Performance issues in for loop (moving towards vectorization with multiple sample()'s)

I am currently having issues with performance in one of my scripts. I made the script as a result of this question, but I have been unable to increase its performance and figured increasing its performance is a different question than actually writing the code.
I wrote the code to generate a dummy webshop dataset with a hidden pattern hat can be found with clustering as an example in one of my courses. It, however, does not allow me to go beyond ~ 40,000 transactions with a reasonable runtime (i.e. a few hours).

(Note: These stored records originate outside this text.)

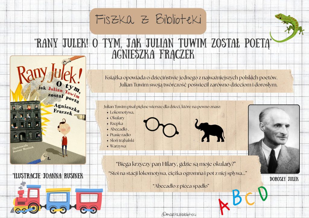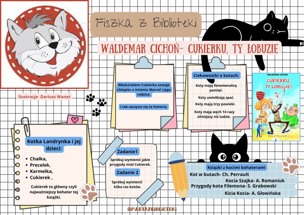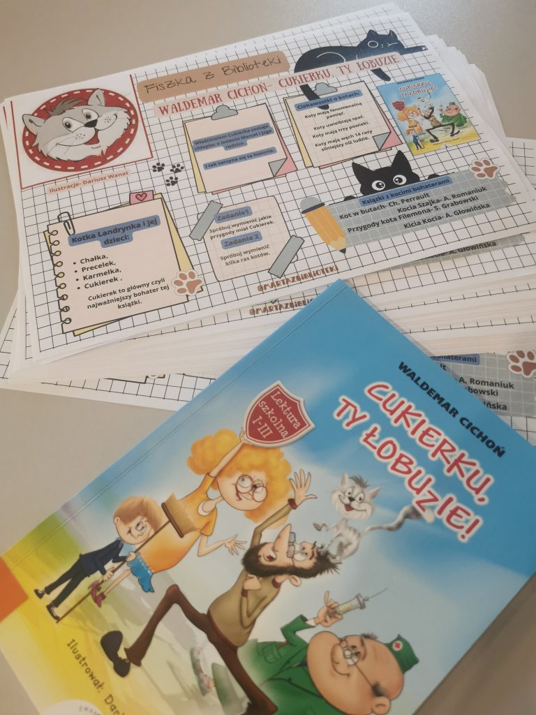 Fiszka z biblioteki to nowy mini projekt. To krótka, inspirująca, pełna ciekawostek notatka o lekturze, która może być świetnym dodatkiem podczas omawiania. Są w niej ciekawostki, kilka informacji i zadania. Fiszki tworzę na życzenie wychowawców i bibliotekarzy. W zależności jaką lekturę dzieci poznają. Poniżej kilka przykładów:
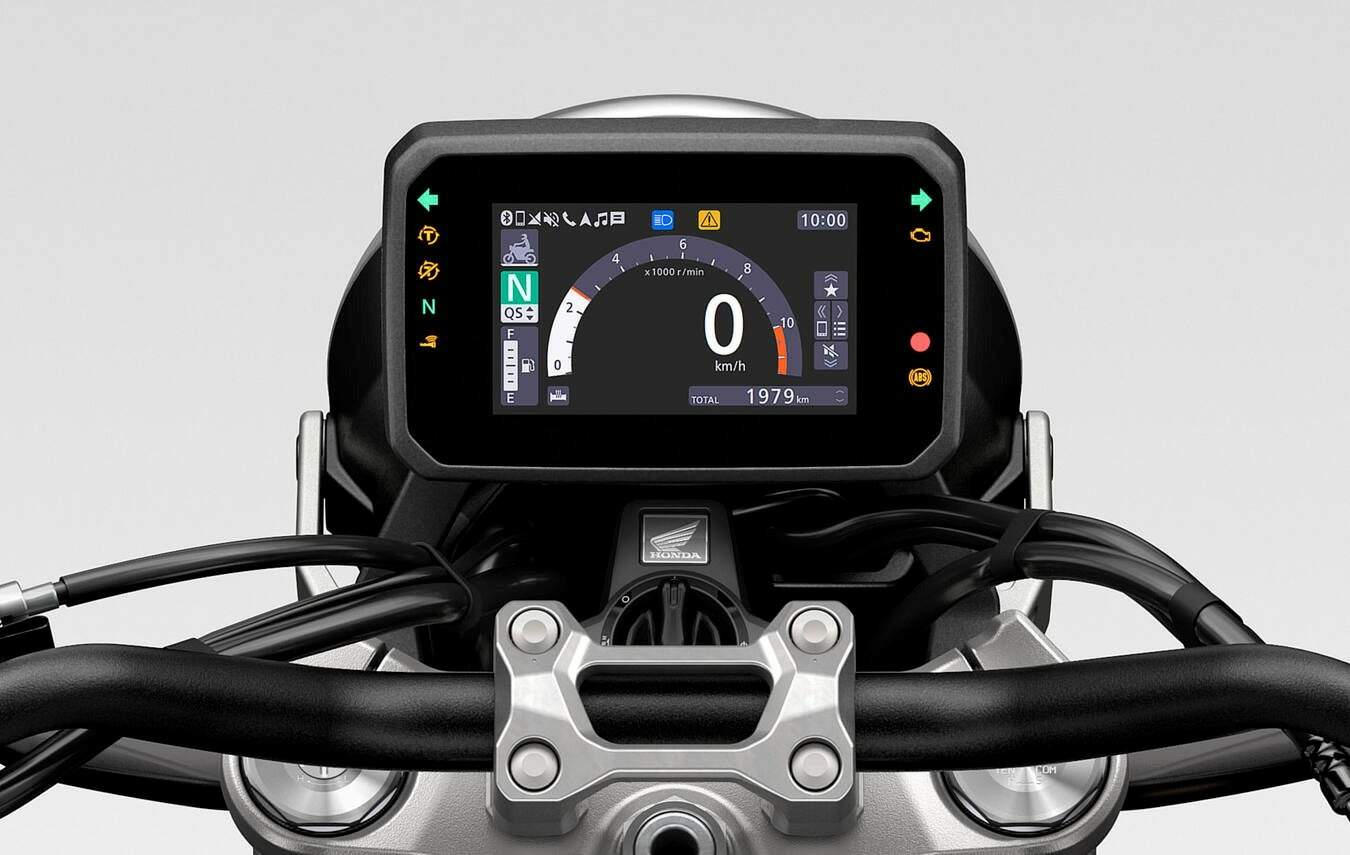 Then there’s the look, of course. The bike’s swooping style is pure ‘80s, a decade making a huge comeback over 40 years on – influencing popular culture in everything from music, style, clothing and more. The clean design of the CB1000F focuses on the essentials, with a strong connecting line flowing from the tank, through the side covers and seat into the rear cowl. The single round headlamp is flanked by twin horns, and the bold tank and side cover graphics are inspired by Freddie Spencer’s high-barred AMA bike. The diamond frame doubles as a design feature, with a bespoke subframe for more seat room. 41mm Showa SFF-BP USD front forks and Showa rear shock deliver adjustable, high-quality suspension control, with bespoke settings and Pro-Link rear suspension for a supple all-round ride. Four-piston radial-mount front brake calipers – with bespoke tune – work 310mm floating discs while cast aluminium wheels mount 120/70-ZR17 and 180/55-ZR17 front and rear tyres. A six-axis Inertial Measurement Unit (IMU) is now at the centre of ride control. Throttle By Wire (TBW) delivers three default riding modes with preset combinations of Power, Engine Brake, Wheelie Control and HSTC settings, plus USER option allowing the rider to choose their own preferred settings. The optically bonded five-inch TFT screen offers intuitive usability, clarity even in bright light, and Honda RoadSync smartphone connectivity through the simple switchgear on the left handlebar. A Honda Smart Key operates the ignition switch. The CB1000F will be available in a range of colour options:
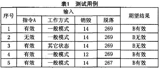 1.指令A:{“有效”,“无效”};2.工作方式等价类为{“一般模式”、其它状态};3.销毁时间等价类为{大于13秒、不大于13秒};4.脱落时间等价类为{大于268秒、不大于268秒}。
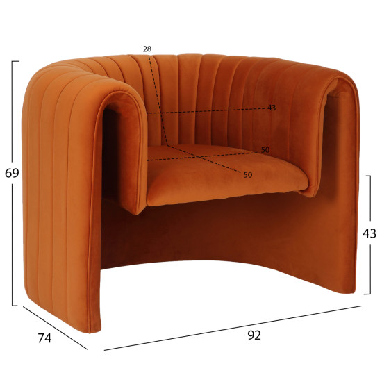Πολυθρονα riker hm9682.05 μεταλλικοσ σκελετοσ-πορτοκαλι βελουδο 92x74x69υεκ. **
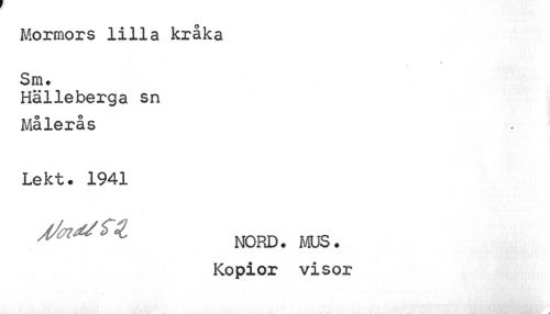 //// Mormors lilla kråka Sm* //// Hälleberga sn Målerås //// Lekt. 1941 //// NORD. MUS? Kopior visor ////
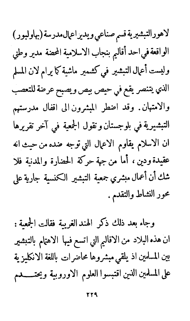 لاهور التبشيرية قسم صناعي ويدير أعمال مدرسة (بهاولبور) الواقعة في أحد أقاليم بنجاب الإسلامية المحضة مدير وطني وليست أعمال التبشير في كشمير ماشية كما يرام لأن المسلم الذي يتنصر يقع في حيص بيص ويصبح عرضة للتعصب والامتهان. وقد اضطر المُبَشِّرُونَ إلى إقفال مدرستهم التبشيرية في بلوشستان وتقول الجمعية في آخر تقريرها إن الإسلام يقاوم الأعمال التي توجه ضده من حيث أنه عقيدة ودين، أما من جهة حركة الحضارة والمدنية فلا شك أن أعمال مبشري جمعية التبشير الكنسية جارية على محور النشاط والتقدم.
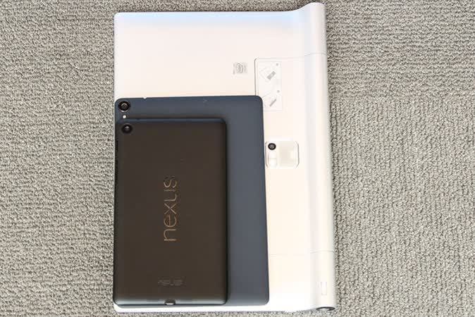 Een Nexus 7, met daaronder een Nexus 9 met daaronder de Yoga Tablet 2 Pro.
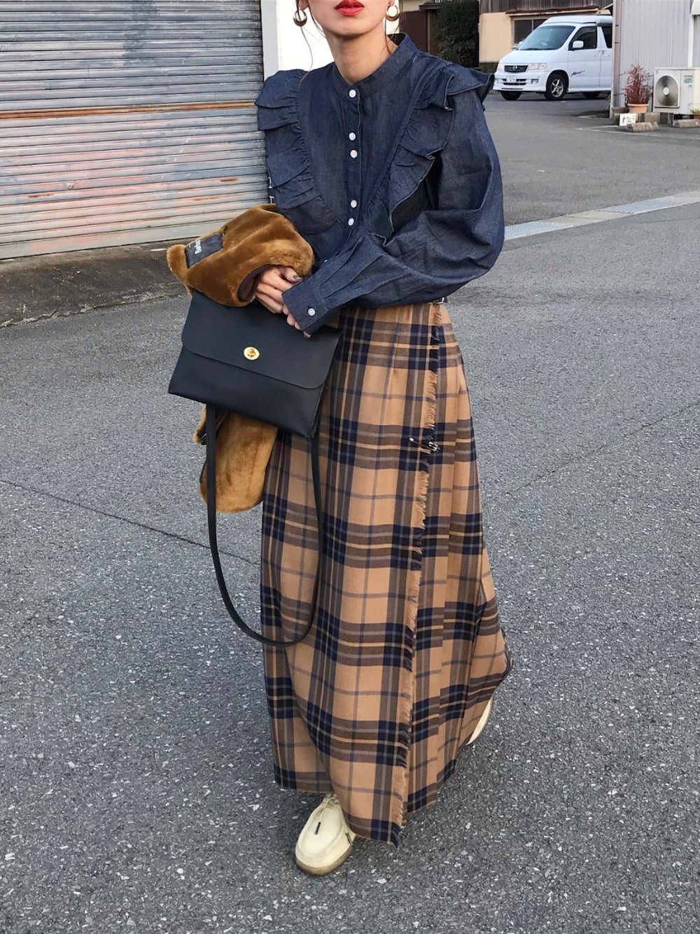 チェックスカートとデニムブラウス🌸 インスタ @kumika_iiio2
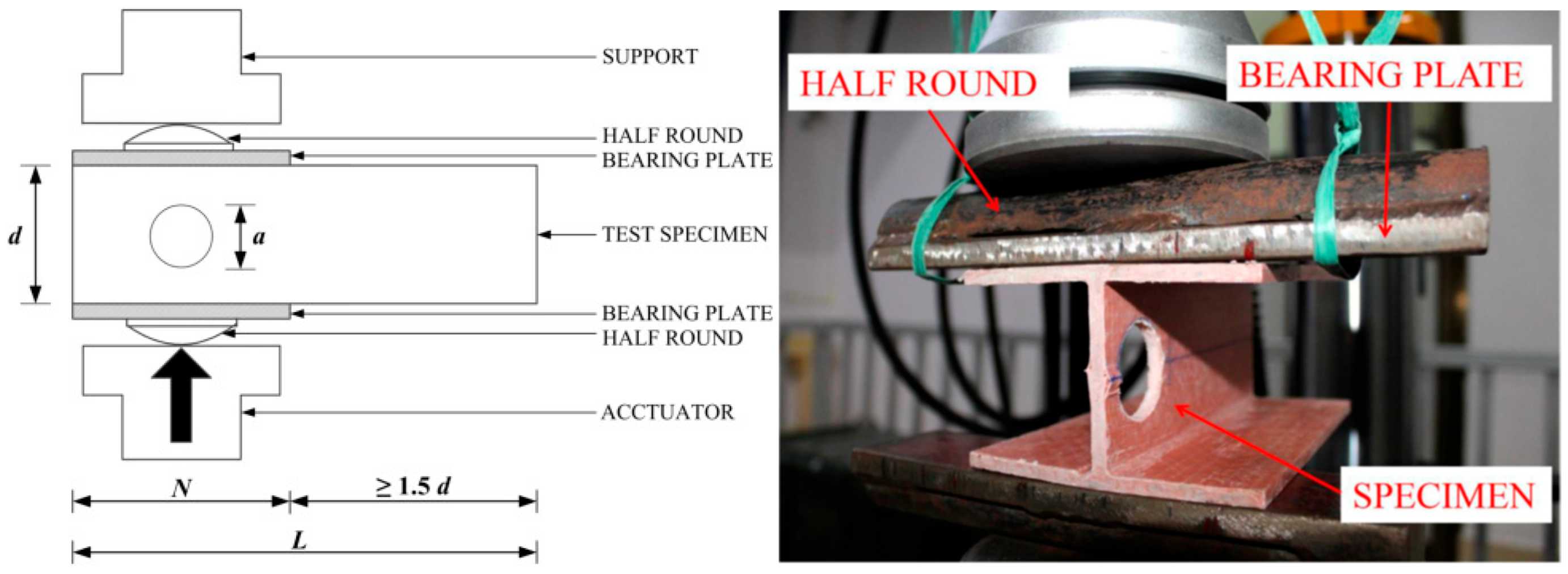 - Haloi, J.; Singh, K.D.; Borsaikia, A.C. Effect of web perforation on the performance of pultruded GFRP wide-flange section profile in web crippling under end-two-flange loading configuration. Thin-Walled Struct. 2022, 175, 109187. [Google Scholar] [CrossRef]
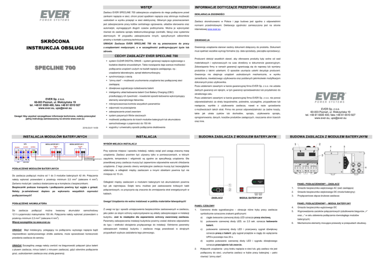 WSTĘP Zasilacz EVER SPECLINE 700 zabezpiecza urządzenia do niego podłączone przed zanikami napięcia w sieci, chroni przed spadkiem napięcia oraz eliminuje możliwość INFORMACJE DOTYCZĄCE PRZEPISÓW I GWARANCJI DEKLARACJA ZGODNOŚCI uszkodzeń w wyniku przepięć w sieci elektrycznej. Głównym jego przeznaczeniem Zasilacz skonstruowano w Polsce i jego budowa jest zgodna z odpowiednimi jest zabezpieczenie pracy kotłów centralnego ogrzewania, układów sterowania oraz normami przedmiotowymi. Deklaracja zgodności zamieszczona jest na stronie automatyki, wymagających długich czasów podtrzymania. Można je wykorzystać internetowej www.ever.eu. również do zasilania sprzętu telekomunikacyjnego (centralki, faksy) oraz systemów alarmowych. W przypadku zabezpieczania innych, specyficznych odbiorników SKRÓCONA INSTRUKCJA OBSŁUGI prosimy o kontakt z pomocą techniczną. GWARANCJA UWAGA! Zasilacze EVER SPECLINE 700 nie są przeznaczone do pracy z urządzeniami medycznymi, a w szczególności podtrzymującymi życie lub Gwarancję urządzenia stanowi osobny dokument dołączony do produktu. Dokument zdrowie. musi spełniać wszelkie wymogi formalne (np. data sprzedaży, pieczątka sprzedawcy). CECHY ZASILACZY EVER SPECLINE 700 system CLEAR DIGITAL SINUS – system generacji napięcia wyjściowego o kształcie idealnie sinusoidalnym. Takie rozwiązanie daje szersze możliwości SPECLINE 700 podłączania urządzeń czułych na kształt napięcia zasilającego, np.: urządzenia laboratoryjne, sprzęt telekomunikacyjny. synchronizacja z siecią “zimny start” – możliwość uruchomienia urządzenia bez podłączonej sieci zasilającej dźwiękowa sygnalizacja rozładowania baterii inteligentny układ ładowania baterii Cool Battery Charging (CBC) przedłużający ich żywotność - nowatorski sposób ładowania wykorzystujący EVER Sp. z o.o. 60-003 Poznań, ul. Wołczyńska 19 tel. +48 61 6500 400, faks +48 61 6510 927 www.ever.eu, [email protected] elementy wewnętrznego falownika. mikroprocesorowa kontrola wszystkich parametrów odporność na przeciążenia zabezpieczenie przed zwarciem system pasywnych filtrów sieciowych Uwaga! Aby uzyskać szczegółowe informacje techniczne, należy przeczytać pełną instrukcję zamieszczoną na stronie www.ever.eu możliwość podłączenia do trzech modułów bateryjnych lub akumulatora samochodowego o pojemności do 150 Ah 2016-03-01 14:09 materiałowych i wykonawczych na czas określony w dokumencie gwarancyjnym. Zobowiązania firmy w ramach gwarancji ograniczają się do naprawy lub wymiany produktów z takimi usterkami. O sposobie usunięcia usterki decyduje producent. Gwarancja nie obejmuje urządzeń uszkodzonych mechanicznie, w wyniku zaniedbania, niewłaściwego użytkowania oraz poddanych jakimkolwiek modyfikacjom dokonanych przez użytkownika. Poza ustaleniami zawartymi w karcie gwarancyjnej firma EVER Sp. z o.o. nie udziela żadnych gwarancji ani rękojmi, w tym gwarancji sprzedawalności lub przydatności do określonego celu. Poza ustaleniami zawartymi w karcie gwarancyjnej firma EVER Sp. z o.o. nie ponosi odpowiedzialności za straty bezpośrednie, pośrednie, szczególne, przypadkowe lub następcze, wynikłe z użytkowania zasilacza, nawet w razie uprzedzenia EVER Sp. z o.o. 60-003 Poznań, ul. Wołczyńska 19 tel. +48 61 6500 400, faks +48 61 6510 927 www.ever.eu, [email protected] o możliwościach takich strat. Firma nie ponosi odpowiedzialności za żadne koszty, takie jak utrata zysków lub dochodów, sprzętu, użytkowania sprzętu, oprogramowania, danych, kosztów produktów zastępczych, roszczenia stron trzecich oraz inne. wygodny i uniwersalny sposób podłączania okablowania 24 miesiące gwarancji INSTALACJA MODUŁÓW BATERYJNYCH Producent dołożył wszelkich starań, aby oferowane produkty były wolne od wad \ Produkt zgodny z CE / Wyprodukowany w Polsce INSTALACJA BUDOWA Z MODUŁEM Produkt zgodny ZASILACZA z CE / Wyprodukowany w PolsceBATERYJNYM BUDOWA ZASILACZA Z MODUŁEM BATERYJNYM WYBÓR MIEJSCA INSTALACJI wyborze 24 miesiące gwarancji Przy miejsca i sposobu instalacji, należy wziąć pod uwagę znaczną masę urządzenia. Zasilacz powinien być używany tylko w pomieszczeniach, w których zapylenie, temperatura i wilgotność są zgodne ze specyfikacją urządzenia. Dla prawidłowej pracy zasilacza muszą być zapewnione odpowiednie warunki chłodzenia urządzenia. Z tego powodu otwory wentylacyjne zasilacza muszą być bezwzględnie PODŁACZENIE MODUŁÓW BATERYJNYCH odsłonięte, a odległość między zasilaczem a innymi obiektami powinna być nie Do zasilacza podłączyć można od 1 do 3 modułów bateryjnych 42 Ah. Połączenia należy wykonać przewodami o przekroju minimum 2,5 mm 2 (zalecane 4 mm ). Zarówno moduł jak i zasilacz dostarczane są w komplecie z bezpiecznikami. Bezpieczniki podczas transportu i podłączania powinny być wyjęte z gniazd. Należy je zainstalować dopiero po wykonaniu mniejsza niż 15 cm. 2 wszystkich czynności Odległość między zasilaczem a modułami bateryjnymi lub akumulatorem powinna PANEL PODŁĄCZENIOWY – ZASILACZ być jak najmniejsza. Dzięki temu możliwe jest zastosowanie krótszych kabli połączeniowych, co przyczynia się znacznie do zmniejszenia strat energetycznych w kablach. podłączeniowych! ZASILACZ zasilacza podłączyć można PANEL CZOŁOWY kwasowy akumulator samochodowy 12 V o pojemności maksymalnie 150 Ah. Połączenia należy wykonać przewodami o przekroju minimum 2,5 mm2 (zalecane 4 mm2). Więcej szczegółów na www.ever.eu Z uwagi na typ i sposób umiejscowienia bezpieczników zastosowanych w zasilaczu, 1. Czerwona dioda sygnalizacyjna – obrazuje różne tryby pracy zasilacza jako jeden ze stopni ochrony wykorzystywane są układy zabezpieczające w instalacji symbolicznie oznaczone znakami graficznymi: budynku. Jest to niezbędne dla zapewnienia ochrony zwarciowej zasilacza. a) ciągłe świecenie czerwonej diody LED ozna
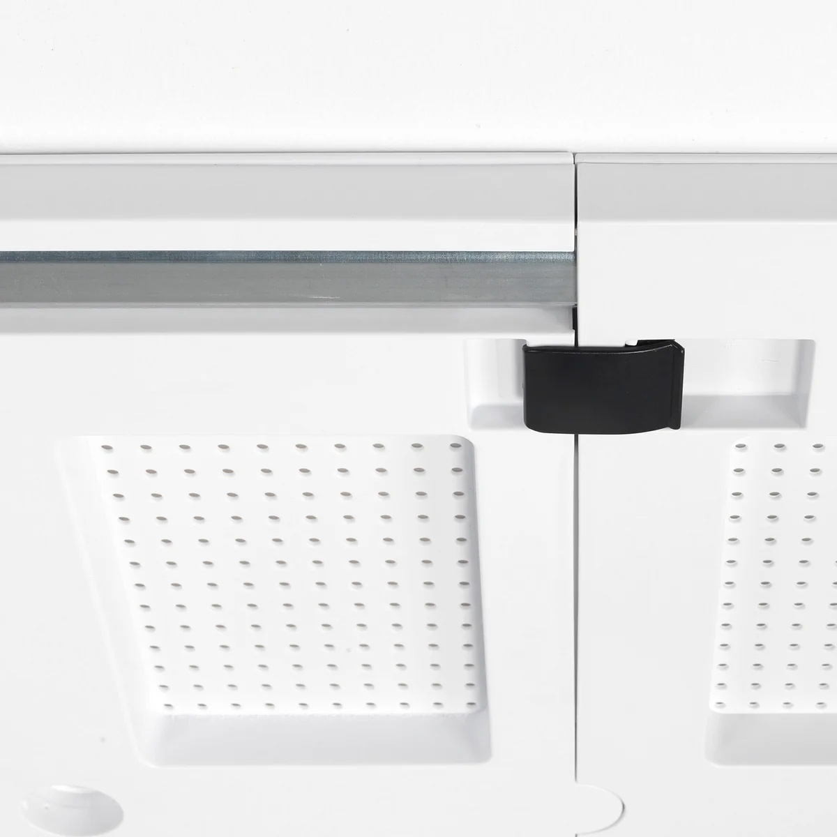 Die DurelTOP Tischplatte besteht aus recycelbarem, UV-beständigem Polypropylen, welches dank seiner vollen Durchfärbung nicht splittert. Die Füsse sind höhenverstellbar, um sich jedem Terrain anzupassen.
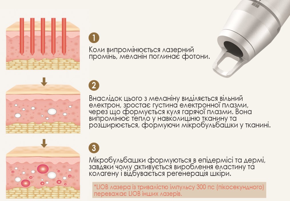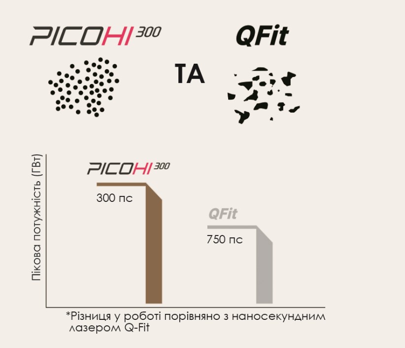 PICOHI 300 видаляє пігменти шляхом подрібнення їхніх часточок, і робить це єффективніше за інший наш лазер Q-Fit (наносекундний лазер).
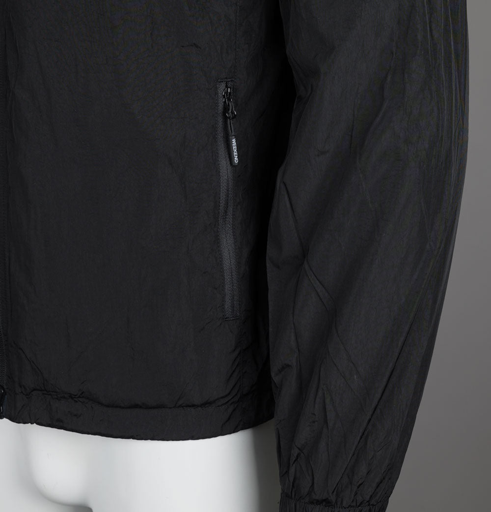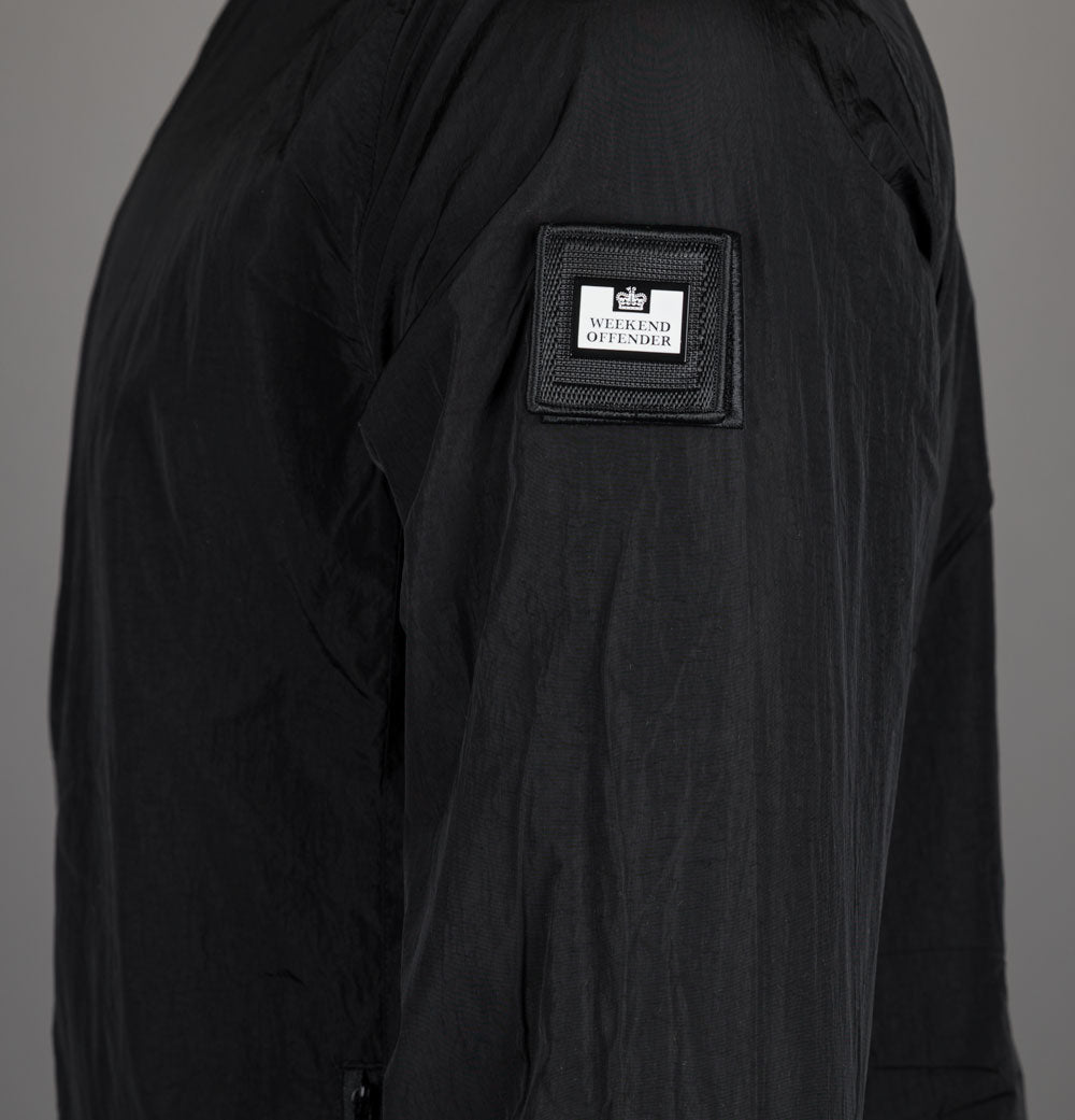Weekend Offender Technician fleece lined jacket in Black. Lightweight high density woven nylon parachute style fabric with a durable water repellent coating and polar fleece lining. Two way front zip up fastening. Bungee cord adjustable hood with a peak and built in face mask. Front zip pockets. Detachable Weekend Offender badge. Elasticated sleeve cuffs. Bungee cord adjustable hem. Regular fit. Body: 100% nylon, lining: 100% polyester.

This issue is as follows, using these parameters I will build a transaction/customer/product table:
set.seed(1) # Set seed to make reproducible
Parameters <- data.frame(
CustomerType = c("EarlyAdopter", "Pragmatists", "Conservatives", "Dealseeker"),
PropCustTypes = c(.10, .45, .30, .15), # Probability for being in each group.
BySearchEngine = c(0.10, .40, 0.50, 0.6), # Probability for each group
ByDirectCustomer = c(0.60, .30, 0.15, 0.05), # of coming through channel X
ByPartnerBlog = c(0.30, .30, 0.35, 0.35), #
Timeliness = c(1,6,12,12), # Average # of months between purchase & releasedate.
Discount = c(0,0,0.05,0.10), # Average Discount incurred when purchasing.
stringsAsFactors=FALSE)
# Some other parameters for later use.
NumDays = 1000
NumTransactions = 100000 # Note that more than these will be made, it's a starting point (excluding annual growth, weekend increases etc.)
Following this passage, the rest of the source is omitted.